* Data provided

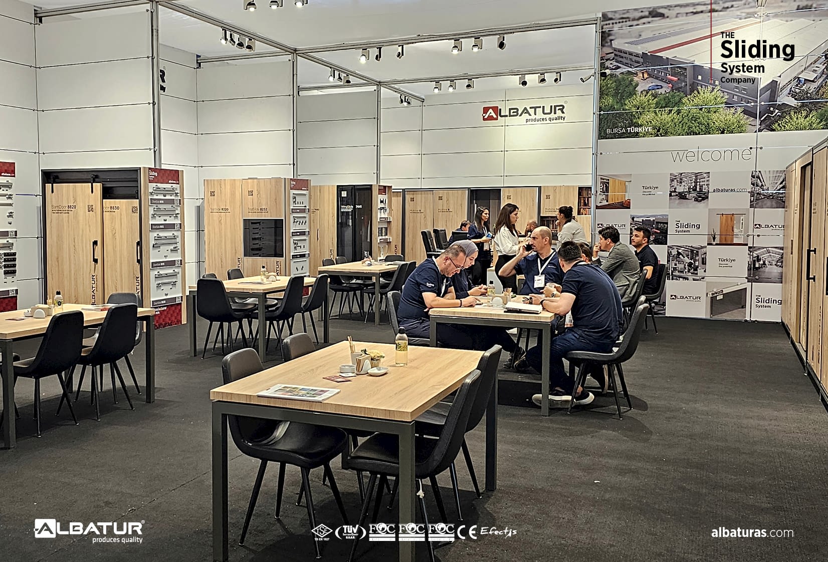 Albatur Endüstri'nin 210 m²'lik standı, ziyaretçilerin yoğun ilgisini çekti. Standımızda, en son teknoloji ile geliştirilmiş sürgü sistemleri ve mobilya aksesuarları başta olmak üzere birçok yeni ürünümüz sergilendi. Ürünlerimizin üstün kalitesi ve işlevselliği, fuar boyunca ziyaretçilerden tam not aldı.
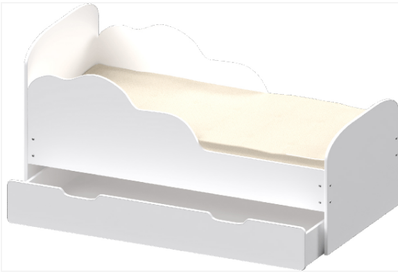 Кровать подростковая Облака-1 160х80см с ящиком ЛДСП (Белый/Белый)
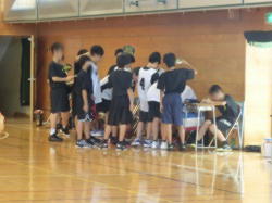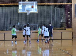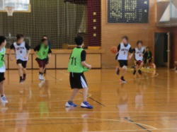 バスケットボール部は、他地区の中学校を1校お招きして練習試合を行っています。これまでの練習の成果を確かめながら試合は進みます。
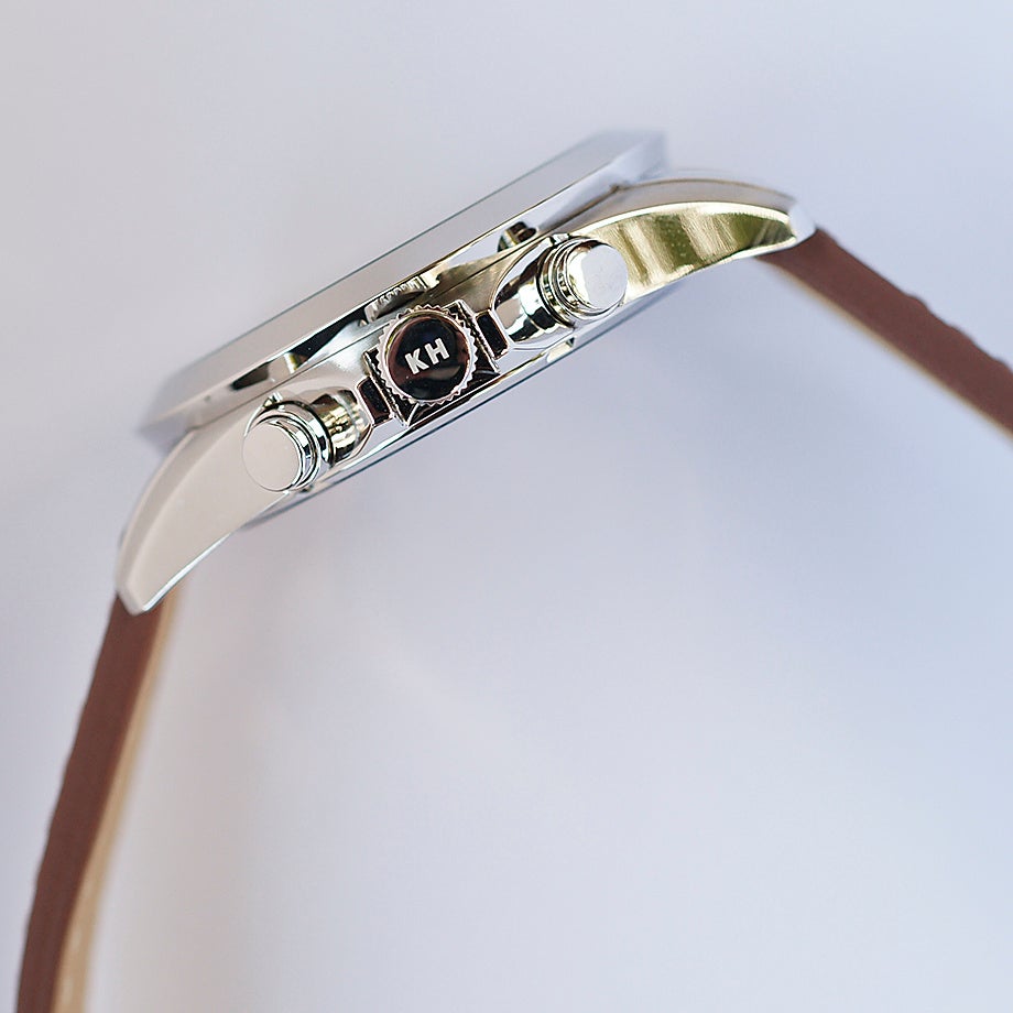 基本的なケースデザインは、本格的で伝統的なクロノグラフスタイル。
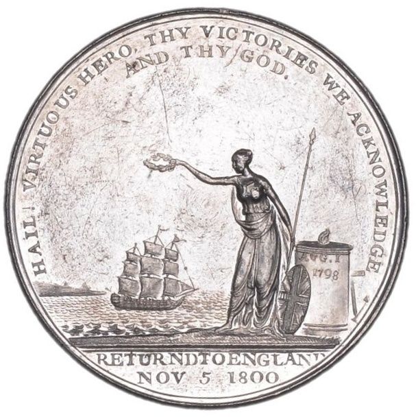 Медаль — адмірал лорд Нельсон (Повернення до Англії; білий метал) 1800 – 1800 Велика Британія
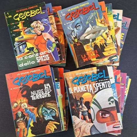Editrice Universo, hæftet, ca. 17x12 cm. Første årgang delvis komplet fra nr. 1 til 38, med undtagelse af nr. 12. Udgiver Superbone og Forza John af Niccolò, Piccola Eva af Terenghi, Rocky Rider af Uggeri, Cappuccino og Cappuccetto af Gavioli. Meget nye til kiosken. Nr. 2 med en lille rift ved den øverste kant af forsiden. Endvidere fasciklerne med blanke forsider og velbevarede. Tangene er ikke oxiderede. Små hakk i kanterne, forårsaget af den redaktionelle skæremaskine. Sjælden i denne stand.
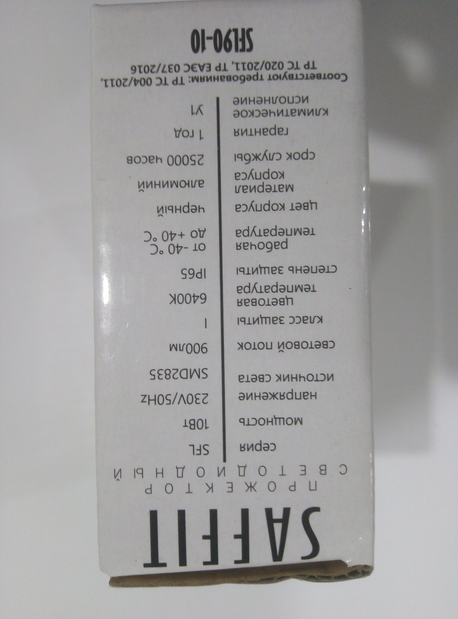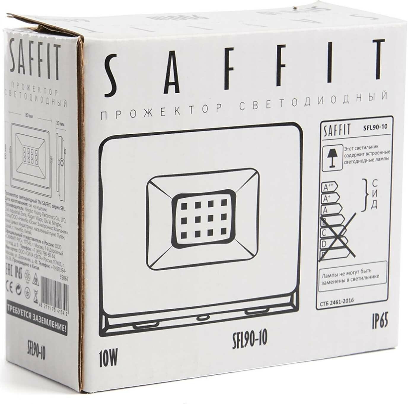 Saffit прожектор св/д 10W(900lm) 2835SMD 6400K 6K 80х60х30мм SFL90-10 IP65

--

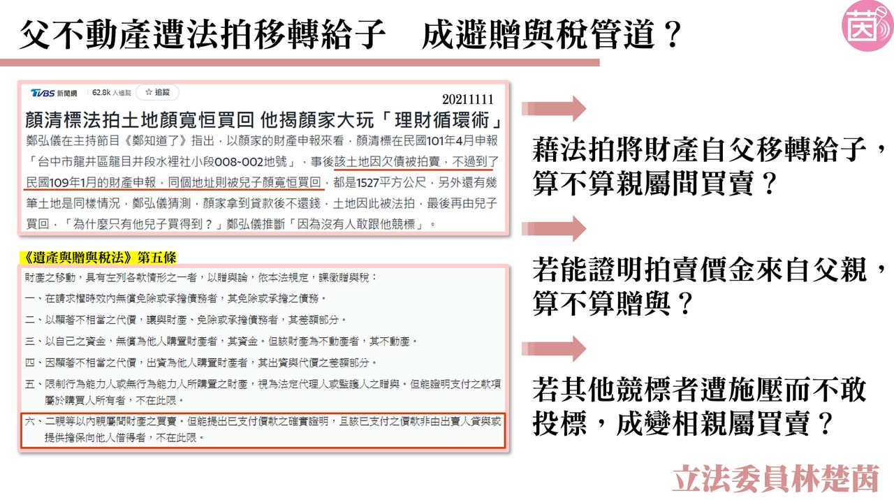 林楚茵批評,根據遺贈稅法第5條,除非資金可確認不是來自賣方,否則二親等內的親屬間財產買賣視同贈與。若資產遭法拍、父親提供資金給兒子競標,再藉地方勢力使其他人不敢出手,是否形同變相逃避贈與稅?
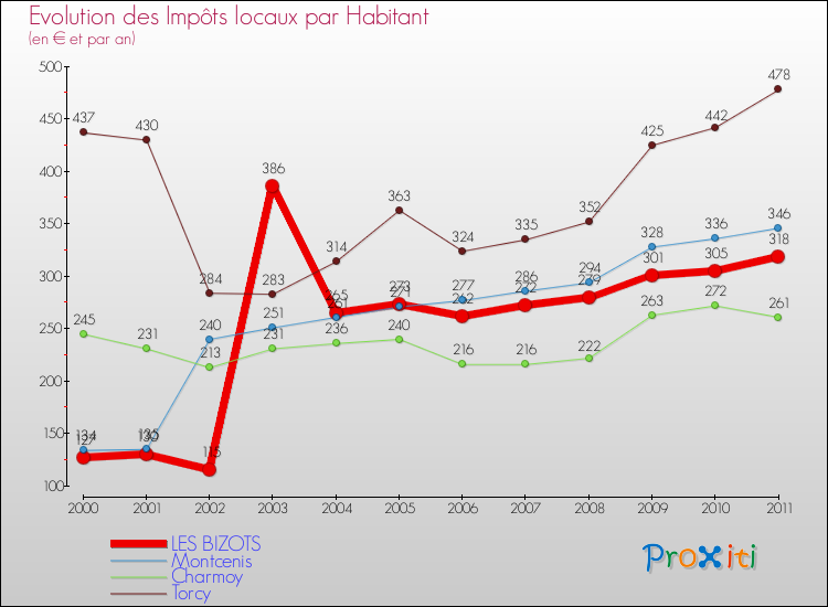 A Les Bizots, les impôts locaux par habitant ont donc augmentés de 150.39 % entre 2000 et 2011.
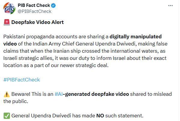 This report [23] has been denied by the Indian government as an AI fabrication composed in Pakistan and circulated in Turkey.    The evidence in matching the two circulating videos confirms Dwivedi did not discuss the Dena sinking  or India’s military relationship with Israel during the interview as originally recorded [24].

* Your task
Each line above that falls between the line with "Editrice Universo, hæftet, ca." and the line with "Saffit прожектор св/д" should be printed exactly, together with those two lines, but the pictures should not.

* Exercise response
Editrice Universo, hæftet, ca. 17x12 cm. Første årgang delvis komplet fra nr. 1 til 38, med undtagelse af nr. 12. Udgiver Superbone og Forza John af Niccolò, Piccola Eva af Terenghi, Rocky Rider af Uggeri, Cappuccino og Cappuccetto af Gavioli. Meget nye til kiosken. Nr. 2 med en lille rift ved den øverste kant af forsiden. Endvidere fasciklerne med blanke forsider og velbevarede. Tangene er ikke oxiderede. Små hakk i kanterne, forårsaget af den redaktionelle skæremaskine. Sjælden i denne stand.
 Saffit прожектор св/д 10W(900lm) 2835SMD 6400K 6K 80х60х30мм SFL90-10 IP65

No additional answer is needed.